Can I add additional categories?
Custom categories are not available, however we provide over 140 categories for granular control over what your clients can access. If you feel there are categories that we can add to make it even better, just let us know.
How should I handle false positives?
While the fastest way to allow clients to access a site that is currently blocked is to add the site to your pass list, you can request recategorization of sites here - the turnaround time is usually less than two days.
Can I use Web Filter to block HTTPS/SSL sites?
Yes - because Web Filter has access to a separate database of IP addresses, it can categorize HTTPS traffic based on certificate, SNI, or the destination IP address. This is not done by individual domain, but by category - for example, if you simply block 'facebook.com'. Please note that this does not mean Web Filter can parse HTTPS content as it is encrypted. This means other forms of blocking like URI, file-type, mime-type, etc can not be done on HTTPS as the stream is encrypted and these require parsing of the HTTP protocol.
To accomplish this level of blocking SSL Inspector is required. More options about handling SSL are described here.
Can I block all web sites except certain ones?
Yes, simply block all categories (including "Uncategorized"). Then add whatever sites you'd like to pass to the Pass List. Please be aware that the complex nature of the web and the fact that many applications communicate over HTTP can make this approach difficult.
Alternatively, the rules can be used. Just add a rule to block all web traffic, then explicitly add any sites to the pass list or in rules above the block rule.
Why did 'Youtube for Schools' disappear?
Google/YouTube stopped supporting their YouTube for schools features. These features relied on NG Firewall adding an identification header to HTTP requests and then YouTube would enforce the policy on the server. Since this feature is no longer supported by their servers the feature has been removed.

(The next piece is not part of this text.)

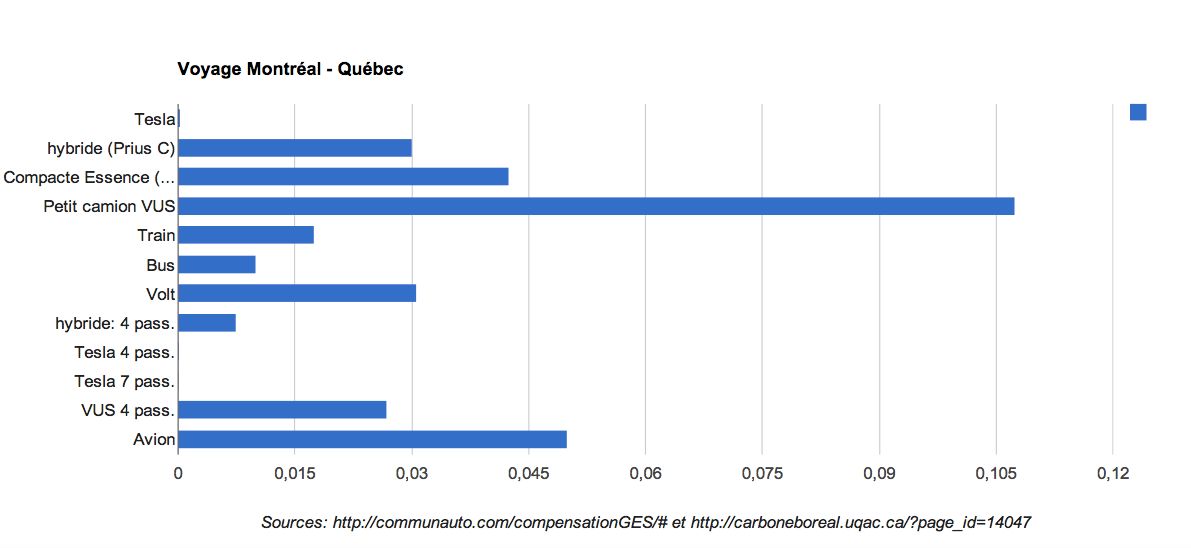On peut donc affirmer sans l’ombre d’un doute que le véhicule électrique est présentement au Québec le mode de transport qui génère le moins de GES. Et ce par une très grande longueur d’avance. Mais il faut aussi retenir que les véhicules électriques, hybrides et à autonomie prolongée sont à leur maximum d’efficacité lorsque toute les places du véhicule sont occupées. Même un VUS avec quatre passagers ne génère pas tellement plus de GES que le train. Et si on pousse le raisonnement au maximum, ça signifie donc qu’une Tesla avec 7 passagers (5 adultes et 2 enfants) émet 490 fois moins de GES que le train!

Windows computers showing "No Internet Access" but everything is fine. Why?
Make sure you're not blocking access to the domain www.msftncsi.com; this is part of a test that Microsoft runs to see if there is an active internet connection. Once you've verified this domain is not blocked, simply restart the PC and that should take care of it.
Why is a site not being properly displayed even though I added it to the Pass List?
It's common for a web site to display links, banners and content from other web sites as part of their web pages. There are two easy methods to re-integrate the content while maintaining your access controls. A good example is Facebook - when you go to 'facebook.com', much of the site is loaded from 'fbcdn.net'. Sometimes additional sites must be added to the pass list. To fix these problems, look at the Blocked Web Events in Reports to see what is being blocked. Continue to add related sites that are being blocked to the pass list until it works as desired.